ISLET, Illuminated People
Da Cardiff, uno dei migliori dischi di pop destrutturato e mutante dell’anno. Gli Islet seguono i dettami degli schemi DIY del passato: niente social network, solo fanzine cartacee a diffusione locale, niente viral marketing, ma ideologia musicale da “comune”, più simile a quella dei Broken Social Scene che dei Gayngs, per chiarire subito l’impronta. Tutto inutile, però, se la sostanza non fosse all’altezza dello “stile”. Per fortuna i dubbi sono fugati già da “Libra Man”, pezzo d’apertura di nove minuti nel quale si ascolta quel dualismo strumentale che sarà linea guida di tutto il disco: organi distorti e in acido in sovrapposizione a chitarre elettriche “a vampe”, sorretti da ritmica anthemica e da una struttura globale articolata e contorta, per quanto, a suo modo, “semplice”. Illuminated People, insomma, è un disco sghembo, ma con un punto di arrivo preciso: il pericolo dispersività è scacciato da melodie vocali tra wave-punk e corrosività avant. Il sole però splende e filtra comunque, anche se dissimulato da una tensione elettrica mai doma e da pattern ritmici spesso fratturati che rimandano a un funky alcolico, senza (s)cadere in territori troppo cerebrali.

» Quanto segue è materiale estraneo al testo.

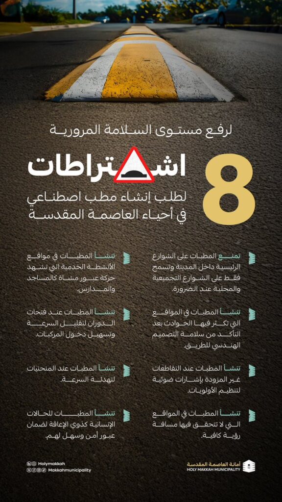 ارابيان درايف – السائق العربي – أعلنت أمانة العاصمة المقدسة، عن وضع 8 اشتراطات أساسية لطلب إنشاء المطبات الاصطناعية في أحياء المدينة، بهدف تحسين تجربة التنقل وتعزيز السلامة المرورية وتقليل الحوادث، خاصة في المناطق ذات الكثافة السكانية العالية.
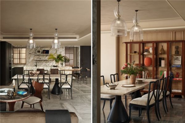 两盏玻璃吊灯悬于餐桌上方,延续着经典设计的简洁线条。桌面选用奢石材质,其自然纹理被纳入法式线条的构图逻辑之中,在低饱和度空间背景下,呈现出沉稳的视觉质感。

“This Fortune” svela la prima apparizione vocale femminile, tra dolcezza angelica e impatto da Lydia Lunch appena appena trattenuto, “Entwined Pines” rimanda a dei Deerhunter più estroversi, con un’attitudine dreamy che emerge leggiadra, soprattutto nel cantato, e s’infrange nel finale metallico. “What We Done Wrong” si palesa soffice per deflagrare poi in muscolarità chitarristiche e melodie tribal/wave, come delle Slits meno scombiccherate. Palma del miglior titolo alla danza sciamanica di “A Warrior Who Longs To Grow Herbs”, cambio totale di registro con “We Bow”, piccolo folk lo-fi, con chitarrina acustica mesta e voce malinconica, un bozzetto pop da fare invidia ad Adam Green e Kimya Dawson. “Filia” è un duetto ansiogeno, con una chitarra riverberata che funge da faro, “Funicular” farà contenti i fan dei Dirty Projectors, “Shores” quelli dei Devo e dell’indie pop (!), “A Bear On His Own” (gran titolo anche questo) si riallaccia al pezzo d’apertura, prendendo però una piega più giocosa, eppure malata allo stesso modo. C’è della buona luce nelle teste degli Islet.